5 Best Ways to Perform Binary Search Bisect in Python

πŸ’‘ Problem Formulation: Binary search is a fast algorithm for finding the position of an element in a sorted array. The bisect operation in Python refers to finding the insertion point for a specified element to maintain the sorted order of the array. Given a sorted array, for example [1, 3, 4, 4, 6, 8, 9], and a target value 4, the desired output would be the index 2 or 3 depending on the search criteria used.

Method 1: Using bisect_left from the bisect module

The bisect_left function from the bisect module helps to find the index of the leftmost position where the target element should be inserted to maintain the sorted order. If the target is already present in the array, bisect_left returns the index of the target’s first occurrence.

Here’s an example:

import bisect

def left_bisect(sorted_array, target):
    return bisect.bisect_left(sorted_array, target)

arr = [1, 3, 4, 4, 6, 8, 9]
target = 4
index = left_bisect(arr, target)
print(index)

Output:

2

This code uses the bisect_left function from the bisect module to determine the first possible position for the number 4 in the sorted list. The result, index 2, indicates that 4 could be inserted before the first occurrence of 4 in the list to maintain sorted order.

Method 2: Using bisect_right from the bisect module

The bisect_right function (also known as bisect.bisect) finds the insertion index to the right of any existing entries. Unlike bisect_left, it returns the index after the last occurrence of the target in the array.

Here’s an example:

import bisect

def right_bisect(sorted_array, target):
    return bisect.bisect_right(sorted_array, target)

arr = [1, 3, 4, 4, 6, 8, 9]
target = 4
index = right_bisect(arr, target)
print(index)

Output:

4

The code snippet uses bisect_right to find the latest position where the target number 4 can be inserted into the array while maintaining its sorted state. The result is 4, showing that 4 can be placed after the last occurrence of 4 in the array.

Method 3: Writing a manual binary search

A manual binary search can be implemented in Python without any external libraries. This method gives flexibility and control over the iteration and comparison process, which can sometimes be necessary for specific requirements.

Here’s an example:

def manual_bisect(sorted_array, target):
    left, right = 0, len(sorted_array) - 1
    while left <= right:
        mid = (left + right) // 2
        if sorted_array[mid]  target:
            right = mid - 1
        else:
            return mid
    return left

arr = [1, 3, 4, 4, 6, 8, 9]
target = 4
index = manual_bisect(arr, target)
print(index)

Output:

2

This custom function simulates binary search by using a while loop to narrow the search domain until the target is found or the domain is empty. In this case, it returns index 2 where the target value 4 is first found in the array.

Method 4: Using numpy.searchsorted for large datasets

For those working with large datasets, NumPy’s searchsorted method provides a more performant binary search, especially for arrays stored in NumPy’s optimized data structures.

Here’s an example:

import numpy as np

def numpy_searchsorted(sorted_array, target):
    return np.searchsorted(sorted_array, target, side='left')

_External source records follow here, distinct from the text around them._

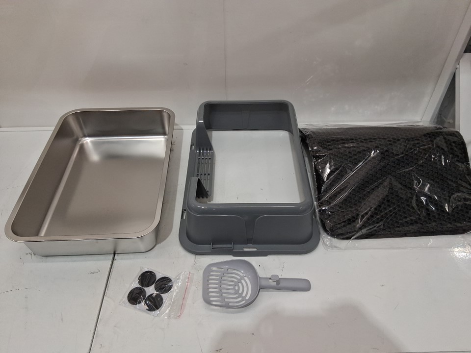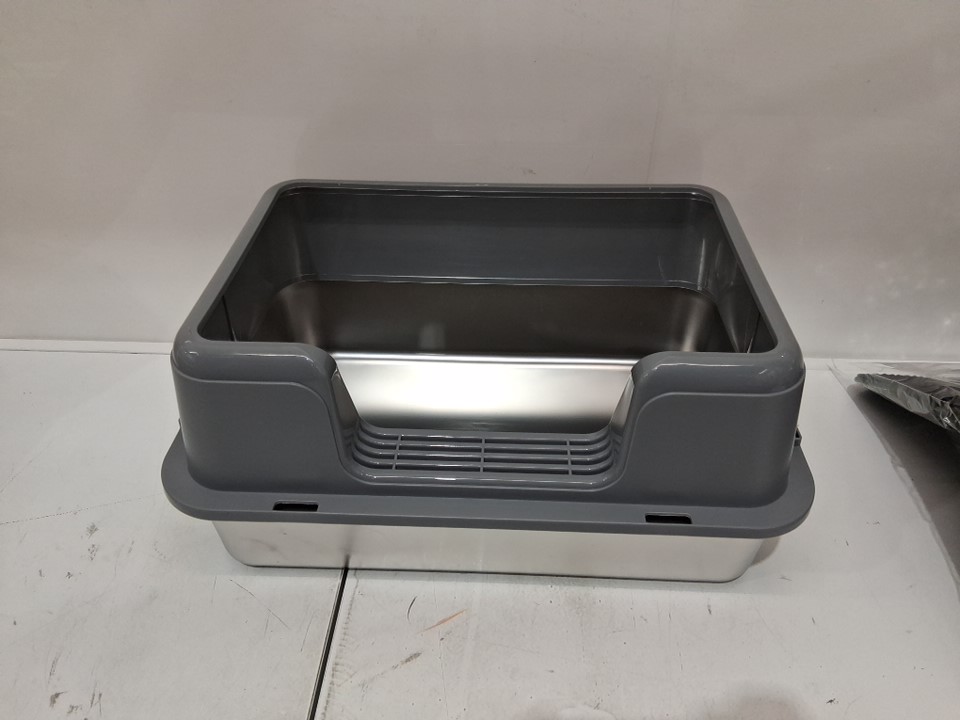 Stainless Steel Cat Litter Box with Lid and High Sided Metal Anti Leakage Litter Pan - grey/silver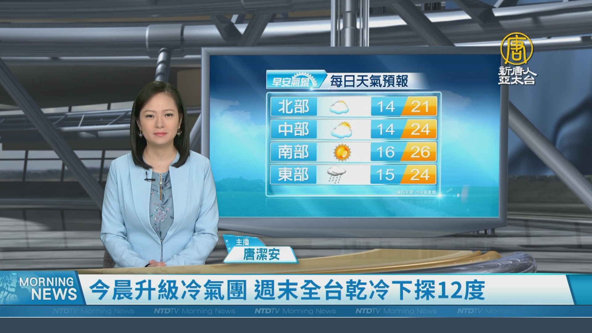 【新唐人亞太台 2023 年 01 月 04 日訊】歡迎您收看1月4日的早安新唐人,我是唐潔安,先來帶您關心天氣。今天(4日)清晨台北氣象站降到14.4度,達到冷氣團標準。氣象局也對基隆市、新北市、宜蘭縣發布大雨特報。預計,中南部週四之後將放晴、北台灣則是週末假日才會見到陽光。不過,全台要留意輻射冷卻造成的低溫,西半部低溫平均約14到15度,西半部局部空曠地區要留意12到13度的低溫,帶您一起來看到國際媒體重要訊息。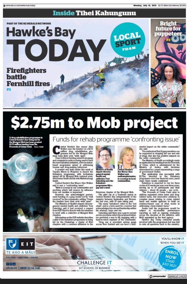 The Hawke’s Bay Today (owned by the NZ Herald) revealed Mongrel Mob leaders received $2.75 million via a contract from the Ministry of Health. The money was to run a drug rehab programme – the very drugs the Mob peddles. In other words, the gang gets people hooked on meth, then puts them up at a marae for rehab, and gets rich at both ends.

arr = np.array([1, 3, 4, 4, 6, 8, 9])
target = 4
index = numpy_searchsorted(arr, target)
print(index)

Output:

2

The example demonstrates the use of NumPy’s searchsorted function with the side='left' argument to mimic the behavior of bisect_left. The result is the same as the standard library’s equivalent, but this method could be considerably faster on large arrays due to NumPy’s optimizations.

Bonus One-Liner Method 5: Using list comprehensions

A list comprehension with a clever condition can also be used to find an insertion point index using pure Python, without any additional modules.

Here’s an example:

arr = [1, 3, 4, 4, 6, 8, 9]
target = 4
index = next((i for i, x in enumerate(arr) if x >= target), len(arr))
print(index)

Output:

2

This one-liner employs a generator within a list comprehension to iterate through the sorted array and find the position where our target or the next higher number appears. If the target isn’t found and the generator is exhausted, it defaults to returning the length of the array.

Summary/Discussion

  • Method 1: bisect_left. Good for simple left-bound searches. May not perform well with unsorted arrays and doesn’t handle custom compare functions.
  • Method 2: bisect_right. Useful when duplicates are present and you need the position after the last occurrence. Like Method 1, it requires sorting and cannot handle complex comparison functions.
  • Method 3: Manual binary search. Offers full control over comparison logic. Potentially more error-prone and verbose compared to using a library.
  • Method 4: numpy.searchsorted. Best for large datasets due to NumPy’s efficiency. However, it requires the NumPy library, which can be overkill for simple tasks.
  • Method 5: List comprehension one-liner. A creative way to perform the task in a single line of pythonic code. Readability might suffer, and performance can be an issue for large datasets.